The episode that has caught my attention most to date is “How can I look after my knees?” which has a relevance not just to our knees but much wider though our bodies. I’ve summarised below and included a link to the podcast too.
Knee pain is incredibly common, second only to back pain. 15% of people experience it at some point with the frequency increasing as you get older.
Chris & Xand seek to disrupt the idea that we use our knees so much that they get injured or wear out and that the way to keep them working for as long as possible is to not use them as intensively. They suggest another more positive mindset that our knees are strong, powerful, robust joints that get stronger through use and we can build our confidence in our own knees through activity.
Important: The knee pain being discussed is chronic low grade intermittent knee pain many people experience to a greater or lesser extent. If your knee pain is new, your knee locks periodically, is red, hot or swollen, or has an acute trauma injury then its important to seek medical advice and what follows is not a recommendation appropriate for you at the moment.
Knees: the basics
We ask a lot of our knees, they are the largest joint in the human body, they bear more weight than any other joint in the body other than the ankle and we arguably load them more than the ankle - they flex more and we need them to sit down, kneel, jump, move, the list goes on.

Two bones come together at the knee, with smooth cartilage at the surfaces where they meet. Ligaments, tendons and muscles act as supporting and binding structures and the knee cap acts as a protective shock absorber embedded in the tendons surrounding the joint.
A "bad knee"?
In the podcast Chris discusses his “bad” knee and three interactions he has had with people which have changed his perception about it and the symptoms he has.
“Get strong then get fit: improved muscle strength reduces pain”
A professor of musculoskeletal medicine’s input: A lot of joint pain, not just in the knees but throughout the body is driven by soft tissue issues, specifically muscle weakness.
The most common site of knee pain is in the front of the knee when pressure is put through the tendon in which the kneecap is embedded and its attachment to bone.
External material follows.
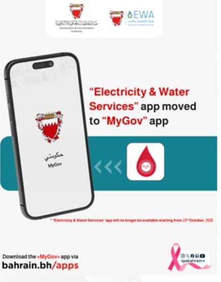 മനാമ: ബഹ്റൈനില് ഇലക്ട്രിസിറ്റി ആന്റ് വാട്ടര് സര്വീസസ് ആപ്പ് ഒക്ടോബര് 23 മുതല് ഔദ്യോഗികമായി നിര്ത്തലാക്കുമെന്ന് ഇന്ഫര്മേഷന് ആന്റ് ഇ-ഗവണ്മെന്റ് അതോറിറ്റിയും (ഐ.ജി.എ) ഇലക്ട്രിസിറ്റി ആന്റ് വാട്ടര് അതോറിറ്റിയും (ഇ.ഡബ്ല്യു.എ) അറിയിച്ചു.
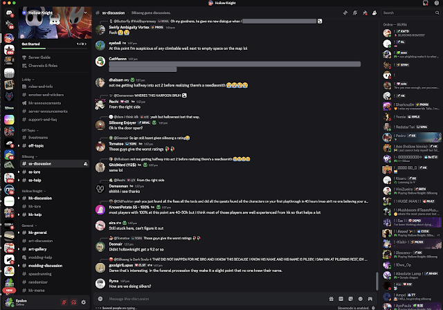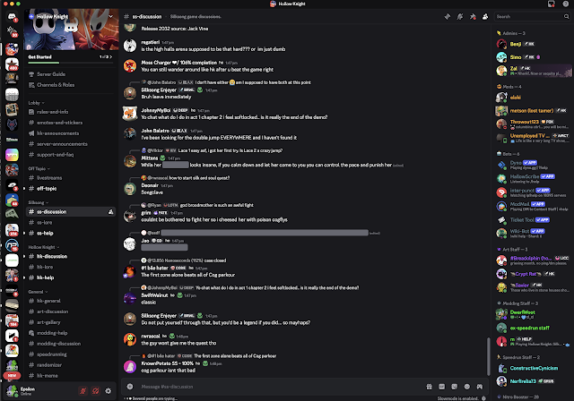 As I screenshotted the discord channel below, note at the top of the right pane that there are over 55,000 people online at lunch time on a Tuesday in the official Hollow Knight Discord channel - just for this one game!

The pressure is exacerbated by muscle weakness as if the quadriceps muscle that becomes the tendon is too weak to take significant load it results in the tendon having to take up the strain instead.
Additinally it's useful to know that cartilage is living tissue, it can regenerate and when you exercise in a weight bearing way the squeezing of the knee moves joint fluid around and encourages cartilage growth which is really good for the knee cartilage, joint health and bone density.
Studies show that knees of people who run and do use their knees a lot often don’t show high wear and tear in terms of loss of cartilage. If you knee is in good structural shape you can probably keep running for many years with no issues. If you have had some injuries and damage to cartilage repeated loading may not be ideal, but a good starting point is always to strengthen up the muscles surrounding the knees, specifically the quadriceps muscle of your thigh.
“Keep running - you aren’t hurting your knee”
A physio’s input: “This pain will come and go, running won’t make it worse, won’t make it better. Do your strength exercises, keep running - you aren’t hurting your knee.” For Chris knowledge of this made his anxiety about his pain decrease which in turn had a big impact on his perception of pain. A pain you aren’t worried about is very different to a pain you are worried about.
“Don’t worry about it - just do your squats”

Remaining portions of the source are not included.